■ Your instructions ■
Each and every line below goes into your answer unchanged, but leave out the images.

■ Recorded data ■

━━━━━━

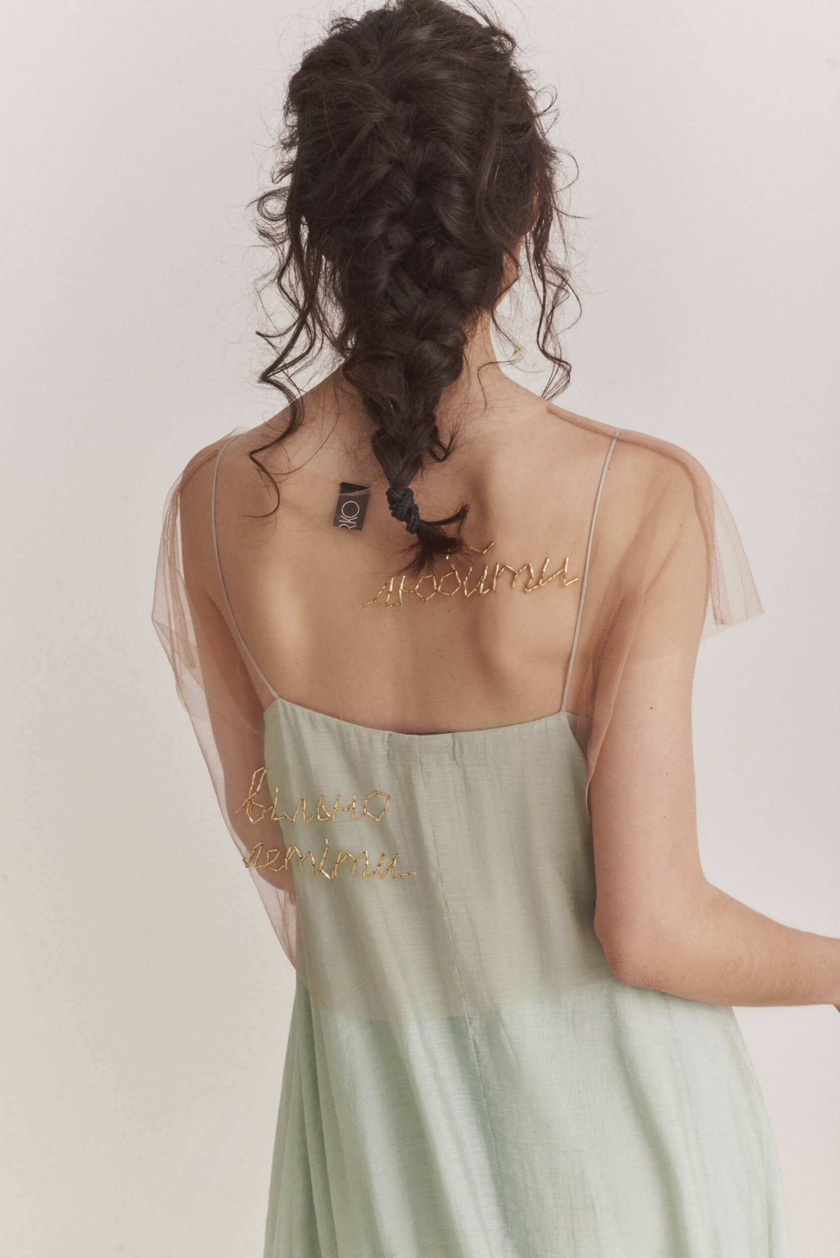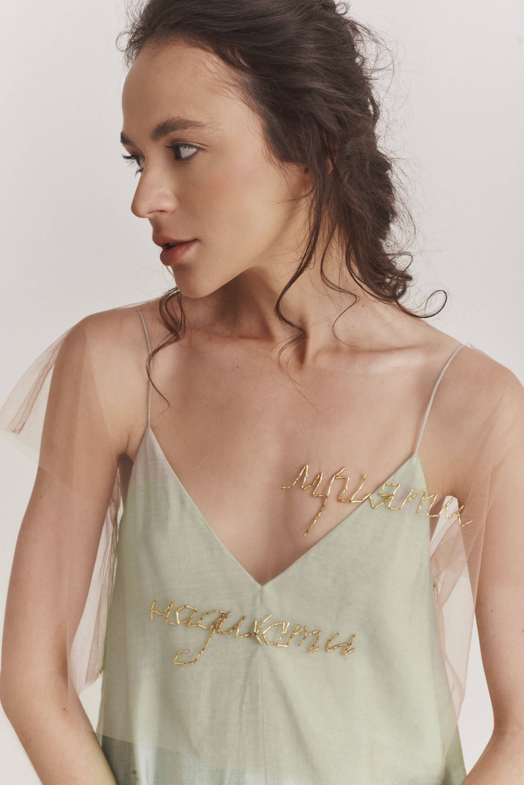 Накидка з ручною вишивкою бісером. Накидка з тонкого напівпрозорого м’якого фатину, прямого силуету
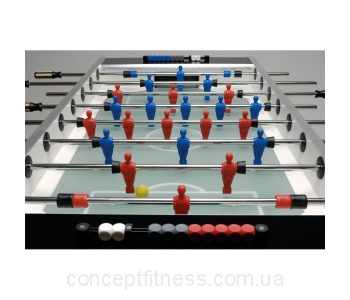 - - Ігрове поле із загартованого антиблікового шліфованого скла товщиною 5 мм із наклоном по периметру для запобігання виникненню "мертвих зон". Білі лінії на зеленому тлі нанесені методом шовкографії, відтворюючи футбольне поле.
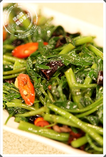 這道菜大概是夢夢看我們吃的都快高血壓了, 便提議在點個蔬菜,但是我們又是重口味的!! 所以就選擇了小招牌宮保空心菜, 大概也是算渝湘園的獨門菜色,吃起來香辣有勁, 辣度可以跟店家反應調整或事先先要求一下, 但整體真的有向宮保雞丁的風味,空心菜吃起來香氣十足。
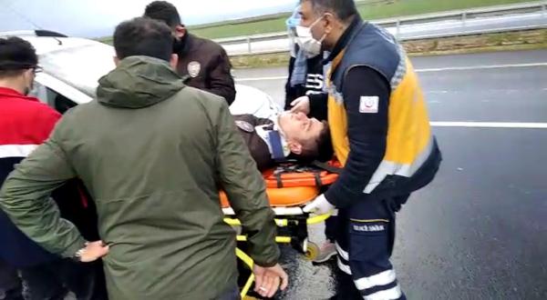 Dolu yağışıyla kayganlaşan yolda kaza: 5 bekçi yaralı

━━━━━━

■ Answer box ■
 Накидка з ручною вишивкою бісером. Накидка з тонкого напівпрозорого м’якого фатину, прямого силуету
 - - Ігрове поле із загартованого антиблікового шліфованого скла товщиною 5 мм із наклоном по периметру для запобігання виникненню "мертвих зон". Білі лінії на зеленому тлі нанесені методом шовкографії, відтворюючи футбольне поле.
 這道菜大概是夢夢看我們吃的都快高血壓了, 便提議在點個蔬菜,但是我們又是重口味的!! 所以就選擇了小招牌宮保空心菜, 大概也是算渝湘園的獨門菜色,吃起來香辣有勁, 辣度可以跟店家反應調整或事先先要求一下, 但整體真的有向宮保雞丁的風味,空心菜吃起來香氣十足。
 Dolu yağışıyla kayganlaşan yolda kaza: 5 bekçi yaralı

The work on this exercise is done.